THE BRITISH LIBRARY

UK Web Archive blog

5 posts from April 2013

30 April 2013

Dispatches from the domain crawl #1

After the blaze of publicity surrounding the advent of Non-Print Legal Deposit, the web archiving team have been busy putting the regulations into practice. This is the first of a series of dispatches from the domain crawl, documenting our discoveries as we begin crawling the whole of the UK web domain for this first time.

Firstly, some numbers. In the first week, we acquired nearly 3.6TB of compressed data (in its raw, uncompressed form, the data is ~40% larger) from some 191 million URLs. Although we staggered the launch as a series of smaller crawls, by the end of the week we reached a sustained rate of 300Mb/s. The bulk of this was from the general crawl of the whole domain, which we kicked off with a list of 3.8 million hostnames.

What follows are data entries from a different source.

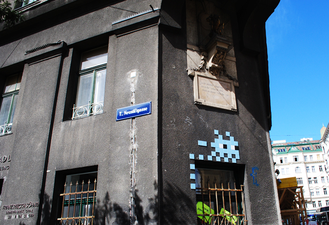 Эта история из разряда других проектов. Например, есть такой Space Invaders, он у меня в «Вене, операционной системе» был чуть ли не самым главным во всём тексте. Там, собственно, проект даже не внутренне-городской, а международно-городской. Некий человек производил в разных местах разных городов разных стран пиксельных персонажей из Space Invaders – игры для игровых автоматов (появилась в Японии, в 1978-м). Вот так один их них выглядит в Вене. Угол Нойшитфгассе и Келлермангассе, на Аугустинплатц.
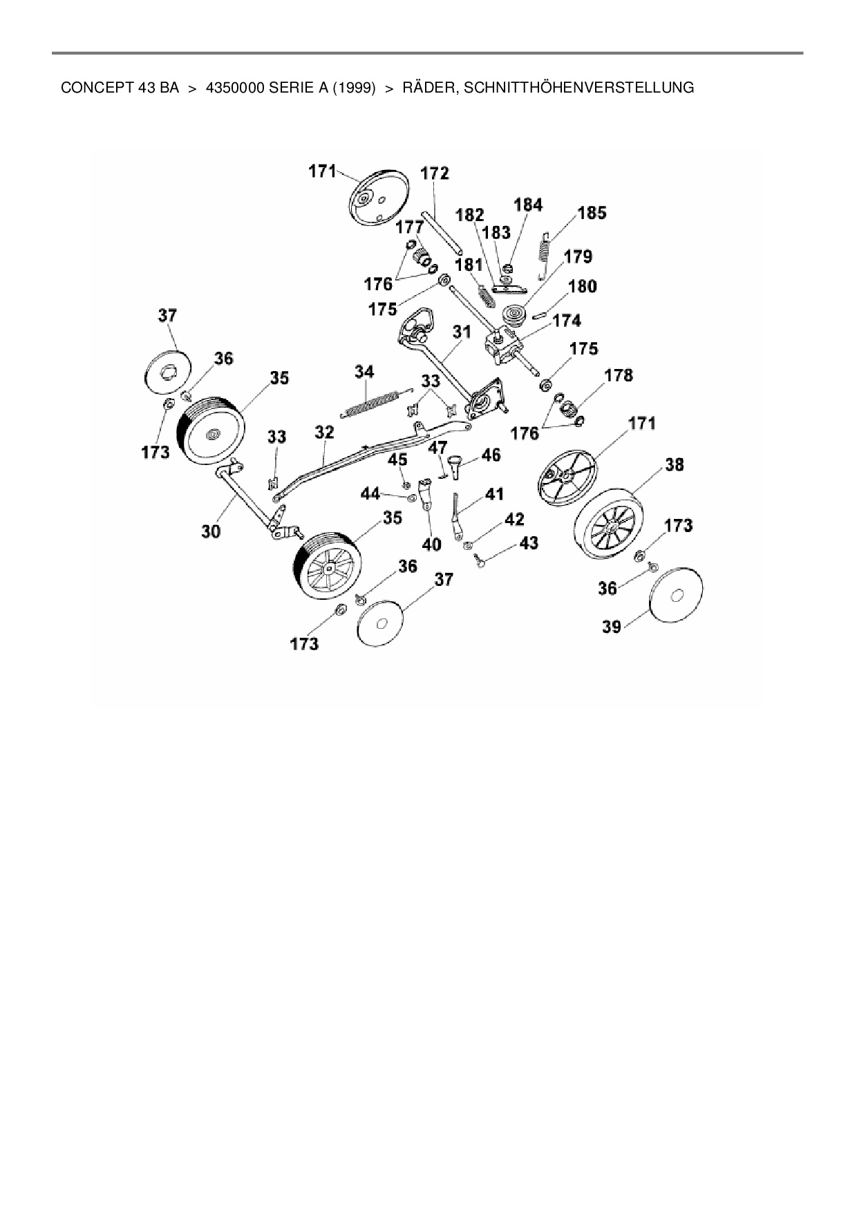 Download Ersatzteil-Zeichnung Wolf-Garten Concept 43 BA Zeichnung Räder, Schnitthöhenverstellung (PDF-Format)
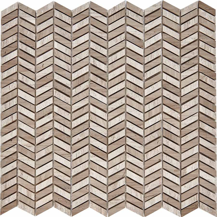Мозаика из мрамора Shevron White Wooden, Athens Grey PIX288, чип 27x10 мм, сетка 298х307x8 мм глянцевая, бежевый

At this stage it is difficult to determine what our success rate is - that is, how successful we are at harvesting each resource we target. This is partly because the Heritrix crawler has what might be described as an optimistic approach to determining what in a harvested page is actually a real link to another resource (particularly when parsing Javascript). As a result, some of the occasions on which Heritrix does not return a resource are due to the fact that there was not a real resource to be had.

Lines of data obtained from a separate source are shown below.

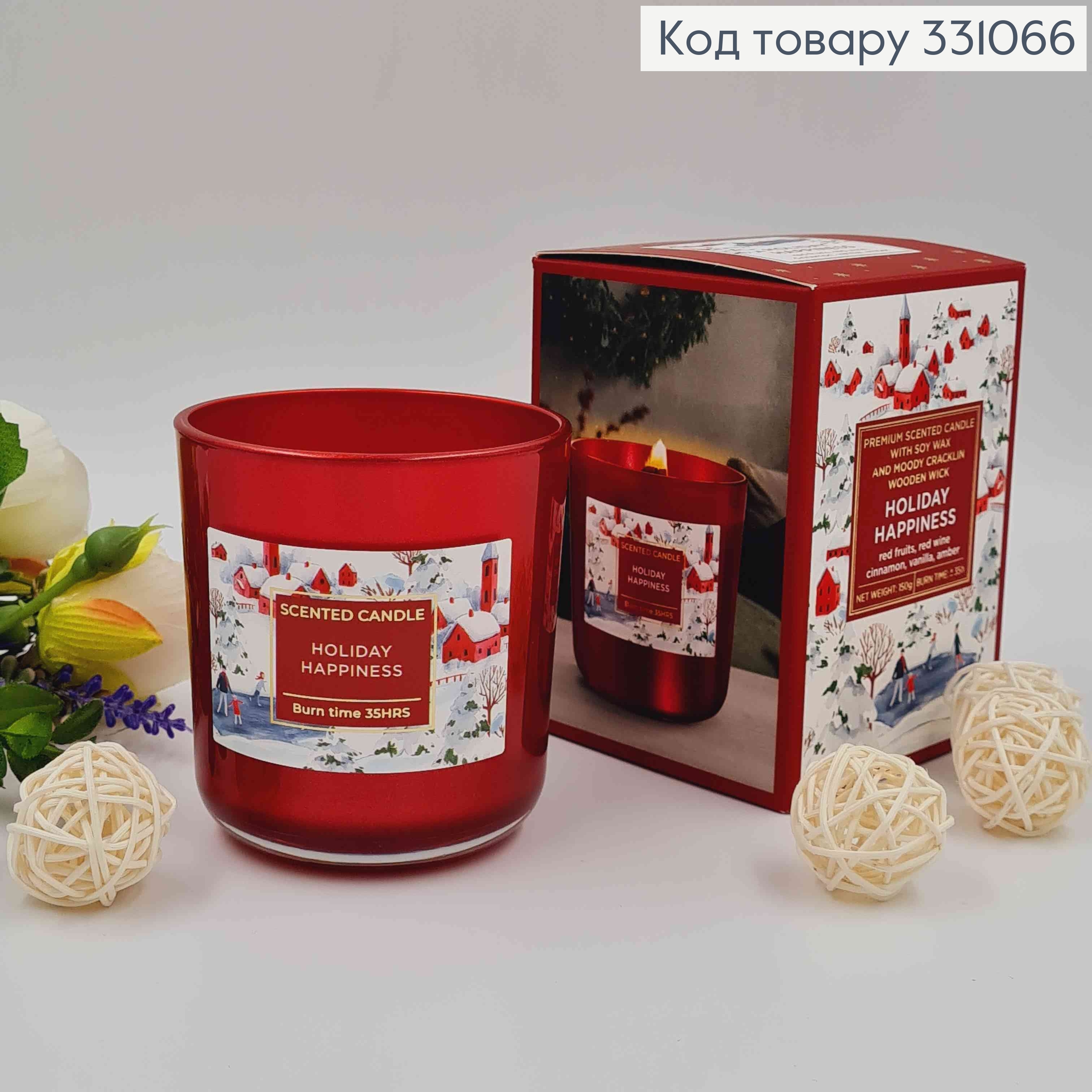 Аромасвічка СОЄВА,дерев"ян. гніт, HOLIDAY HAPPINESS(red fruits,red wine,cinamon,vanilla,amber),150г
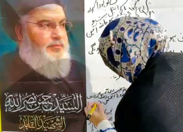اسلام ٹائمز۔ خواہران میثاق با ولایت کراچی کے زیرِ اہتمام شہیدِ مقاومت سید حسن نصراللہؒ کی پہلی برسی کے موقع پر اسلامک ریسرچ سینٹر، عائشہ منزل میں عظیم الشان اجتماع کا انعقاد کیا گیا۔ اس اجتماع میں بڑی تعداد میں خواتین و طالبات نے شرکت کی۔ اجتماع کا مقصد شہید سید حسن نصراللہؒ کی جدوجہد، فکری و مزاحمتی پیغام اور ان کے انقلابی نظریات کو اجاگر کرنا تھا۔ اجتماع میں بزرگ عالم دین آیت اللہ شیخ غلام عباس رئیسی، خانہ فرہنگ ایران کراچی کے ڈائریکٹر ڈاکٹر سعید طالبی نیا، خانم طاہرہ فاضلی و دیگر نے خطاب کیا، جس میں شہید کے افکار سے روشناس کرانے کے ساتھ ساتھ اتحاد، بصیرت اور عملی جدوجہد کے پہلوؤں پر خصوصی طور پر روشنی ڈالی گئی۔ الہادی اسکول کی طالبات کی جانب سے تلاوت قرآن پاک سے اجتماع کے آغاز کے بعد مدرسہ زہراءؑ کی طالبات نے امام زمانہ (عج) اور شہدائے مقاومت سے تجدید عہد کیا۔ اجتماع کے دوران شہید مقاومت سید حسن نصراللہ سے متعلق خانہ فرہنگ ایران کی جانب سے شائع کردہ کتاب ’’مکتب نصراللہ‘‘ کی رونمائی بھی کی گئی۔ اجتماع میں شہید مقاومت سید حسن نصراللہ کے مرقد کی خصوصی طور پر منظر کشی بھی کی گئی، جبکہ شہید سید حسن نصراللہ و دیگر شہدائے مقاومت سے متعلق یادگاری نمائش کا بھی اہتمام کیا گیا، جس میں شہید مقاومت سید حسن نصراللہ و دیگر شہدائے مقاومت کی یادگاری تصاویر و ماڈلز پیش کئے گئے۔ نمائش میں شہید مقاومت سید حسن نصراللہ کے افکار و پیغامات پر مبنی تصاویر و بینرز بھی آویزاں کئے گئے۔ اجتماع میں شریک طالبات و خواتین نے خصوصی طور پر آویزاں کئے گئے بینر پر شہید سید حسن نصراللہ سے متعلق تاثرات بھی درج کئے۔ اجتماع کے دوران شہید مقاومت سید حسن نصرالہ سے متعلق خصوصی ڈاکیومینٹری بھی چلائی گئی۔ اجتماع کا اختتام دعائے سلامتی امام زمانہ (عج) سے کیا گیا۔.ذریعہ: Islam Times
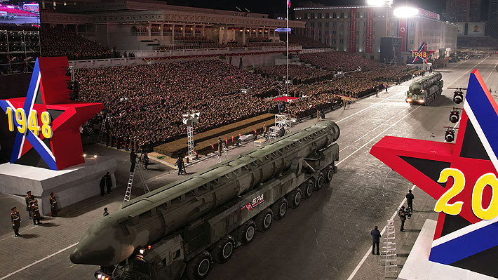Las armas expuestas incluyeron al menos 10 misiles intercontinentales (ICBM) Hwasong-17, los más avanzados del país, y vehículos aparentemente diseñados para transportar ICBM de combustible sólido, indicó la web especializada NK News.
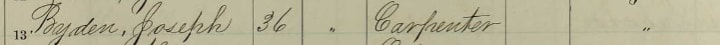 Joseph H Biden was born September 5th, 1828 in Maryland to William Henry Biden and Mary Elkin. Lydia Ann was born in January of 1835 to parents whose names are unknown in Maryland. By 1860, Joseph and Lydia were living on a farm in Baltimore with their four children. On July 1st, 1863, Joseph registered to join the Union Army in the American Civil War. At this time, he was listed as working as a carpenter. It is unknown if Joseph ever actually participated as no record were found to confirm this.

At this early stage it is also hard to determine reliably the difference between a erroneous response for a real link resource that has disappeared, and an occasion on which access to a real resource was blocked. Over time, we'll learn more about how best to answer some of these questions, which will hopefully start to reveal interesting things about the UK web as a whole.

Roger Coram / Andy Jackson / Peter Webster

 

16 April 2013

Just what is the UK web domain anyway ?

This sounds like a simple question. Ten seconds on most sites will tell a human viewer where a site originates from, and a little digging will produce the answer eventually. But under Non-Print Legal Deposit, we need a scaleable way of settling the question without human intervention. Our remit under the new regulations extends to sites that are issued from a .uk or other UK geographic top-level domain, or where part of the publishing process takes place in the UK. (See the regulations here, and a summary here.) UK map

We estimate that there are just short of five million sites that end in .uk - a simple, unambiguous and machine-readable way of knowing that a site originates from within the UK and so is covered by the remit we now have. However, not all UK domains end in .uk. Many .com, .org and other sites are in fact published from within the UK, and there are few reliable figures as to how many of these there are. And so to identify which of these fall within the scope of the regulations, we need other methods.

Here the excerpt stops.